In essence I wish to know how to approach implementing tail -F Linux command functionality in Haskell. My goal is to follow a log file, such as a web server log file, and compute various real time statistics by parsing the input as it comes in. Ideally with no interruptions if the log file is rotated with logrotate or similar service.

I'm somewhat at loss on how to even approach the problem and what should I take into consideration in terms of performance in presence of lazy I/O. Would any of the streaming libraries be relevant here?

like image 709
ppb Avatar asked Dec 19 '16 20:12

ppb


1 Answers

This is a partial answer, as it doesn't handle file truncation by logrotate.
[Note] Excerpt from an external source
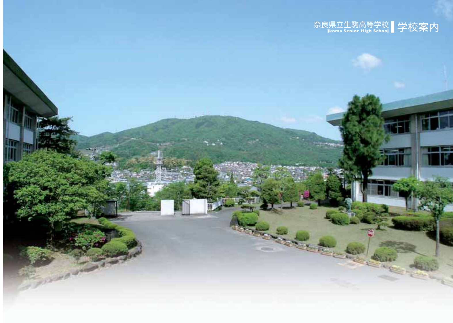
奈良県立生駒高等学校 | 学校案内

It avoids lazy I/O and uses the bytestring, streaming, streaming-bytestring and hinotify packages.

Some preliminary imports:

{-# language OverloadedStrings #-}
module Main where

import qualified Data.ByteString
import Data.ByteString.Lazy.Internal (defaultChunkSize)
import qualified Data.ByteString.Streaming as B
import Streaming
import qualified Streaming.Prelude as S
import Control.Concurrent.QSem
import System.INotify
import System.IO (withFile,IOMode(ReadMode))
import System.Environment (getArgs)

Here's the "tailing" function:

tailing :: FilePath -> (B.ByteString IO () -> IO r) -> IO r
tailing filepath continuation = withINotify $ \i -> do
    sem <- newQSem 1
    addWatch i [Modify] filepath (\_ -> signalQSem sem)
    withFile filepath ReadMode (\h -> continuation (handleToStream sem h))
    where
    handleToStream sem h = B.concat . Streaming.repeats $ do
        lift (waitQSem sem)
        readWithoutClosing h
    -- Can't use B.fromHandle here because annoyingly it closes handle on EOF
    -- instead of just returning, and this causes problems on new appends.
    readWithoutClosing h = do
        c <- lift (Data.ByteString.hGetSome h defaultChunkSize)
        if Data.ByteString.null c
           then return ()
           else do B.chunk c
                   readWithoutClosing h

It takes a file path an a callback that consumes a streaming bytestring.

The idea is that, each time before reading from the handle until EOF, we decrement a semaphore, which is only increased by the callback that is invoked when the file is modified.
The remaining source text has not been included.